With Georgia sitting atop a $16 billion revenue surplus, the state can afford $4,000 cost-of-living increases for most state workers, with $3,000 raises on top of that for employees in state agencies being hit with large turnover rates, including law enforcement officers and welfare workers. Teachers would receive increases of $2,500.
The budget, which cleared the Senate 53-1, also contains substantial increases in funding for various education initiatives, including $243 million to account for student enrollment growth, $207 million to buy more school buses, and $109 million in school safety grants to upgrade security on public school campuses.
Senators also agreed with the budget the state House passed earlier this month to restore $66 million to the University System of Georgia that lawmakers had cut from the spending plan last year.

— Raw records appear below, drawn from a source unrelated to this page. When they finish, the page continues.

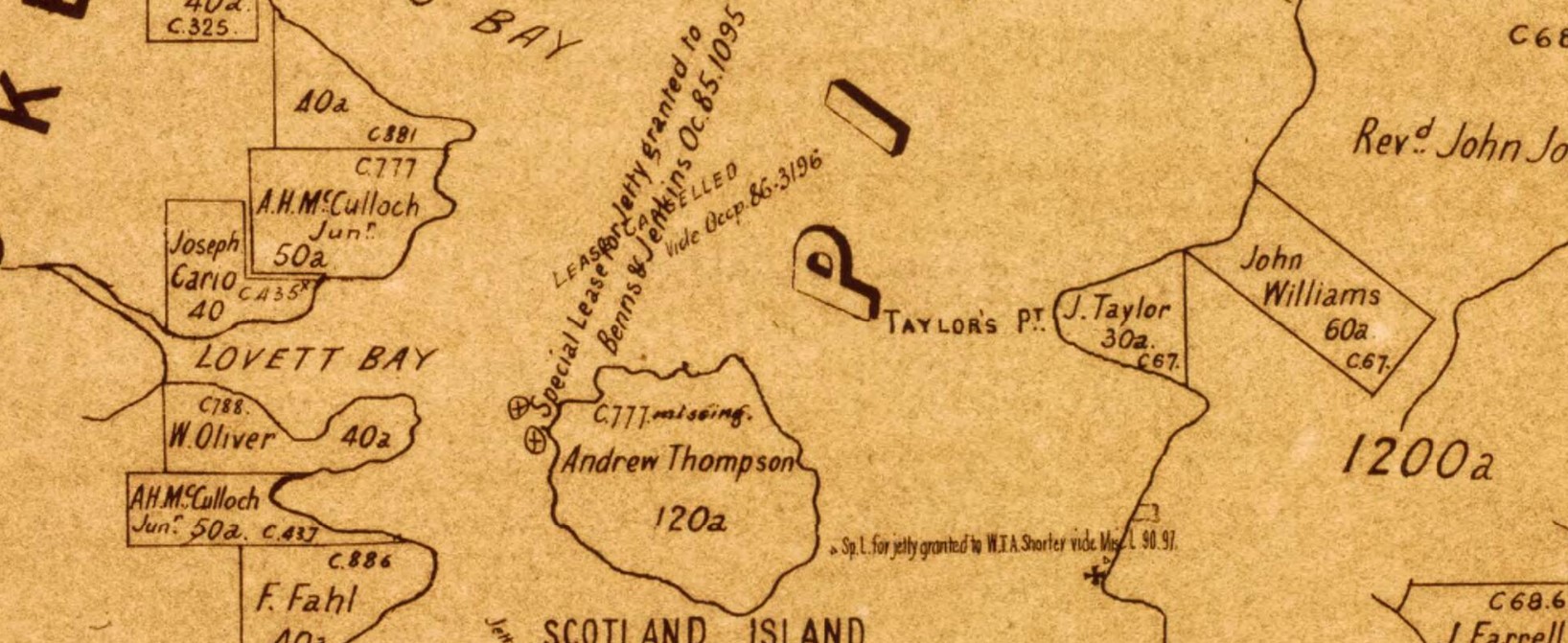 County of Cumberland, parish of Narrabeen, at Pitt Water, Scotland Island: Commencing on the high-water mark of Pitt Water, on the western side of Scotland Island; and bounded thence on the north by a line bearing westerly 168 feet; thence on the west by a line at right angles bearing southerly 5 feet; thence on the south by a line parallel to the first-mentioned boundary bearing easterly to the aforesaid high-water mark ; and thence on the east by that high-water mark northerly, to the point of commencement. APPLICATION TO MAINTAIN A JETTY. (1884, November 25). New South Wales Government Gazette (Sydney, NSW : 1832 - 1900), p. 7906. Retrieved from http://nla.gov.au/nla.news-article221632993
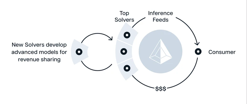 Spectral Nova,一个直接向智能合约提供机器学习推理的去中心化平台,顶尖科学家、企业、Dev、工程师等模型创建者可以在其中构建 AI 模型,获得用户付费收入。此外,模型创建者可以发布带有奖励的挑战。其中的求解者(赏金猎人)解决挑战,赢得奖励,或者获得收入分红。创建者、求解者、验证者和消费者在 Spectral 的机器智能网络上相互交互,通过激励机制形成飞轮。
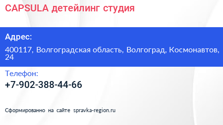 CAPSULA, детейлинг-студия по адресу 400117, Волгоградская область, Волгоград, Космонавтов, 24 в дальнейшем Организация, размещена в следующих категориях:
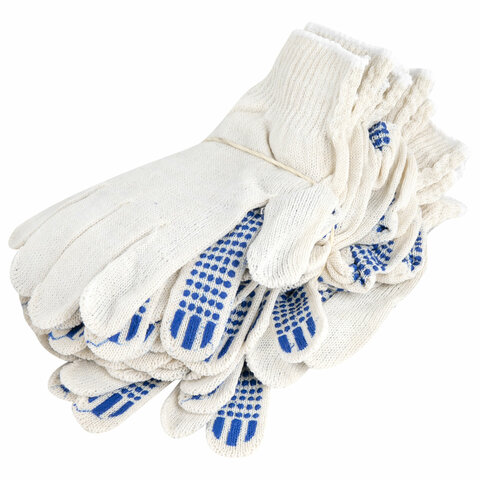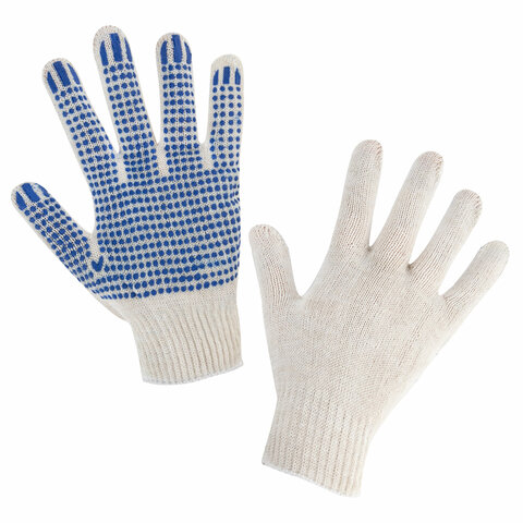 Перчатки хлопчатобумажные эконом, КОМПЛЕКТ 100 пар, 10 класс, 26-28 г, 83 текс, С ПВХ, LAIMA ЭКОНОМ, БЕЛЫЕ, 608680

The budget also would increase reimbursement rates for health-care providers and provide $1.5 million for a new mental-health crisis center in Dublin and $1.2 million for a similar center in Augusta.
“Mental health is not going away,” Senate Appropriations Committee Chairman Blake Tillery, R-Vidalia, told his Senate colleagues before Tuesday’s vote. “It’s filling our jails and prisons, and now it’s filling our hospitals.”
Another $6 million would go toward a multi-year plan to stabilize the state’s trauma-care network.
The Senate added $15.4 million to the spending plan to beef up security at state prisons. Senators have made a priority of cracking down on the proliferation of cellphones that have been smuggled in to inmates.
Like the midyear budget, the fiscal 2025 spending plan would fund state building projects out of cash rather than bond financing. The Senate also earmarked $64 million to accelerate paying off some of the state’s previous bond debt.
The budget is likely headed next to a joint legislative conference committee to work out the differences between the House and Senate versions of the budget by Thursday, the last day of this year’s General Assembly session.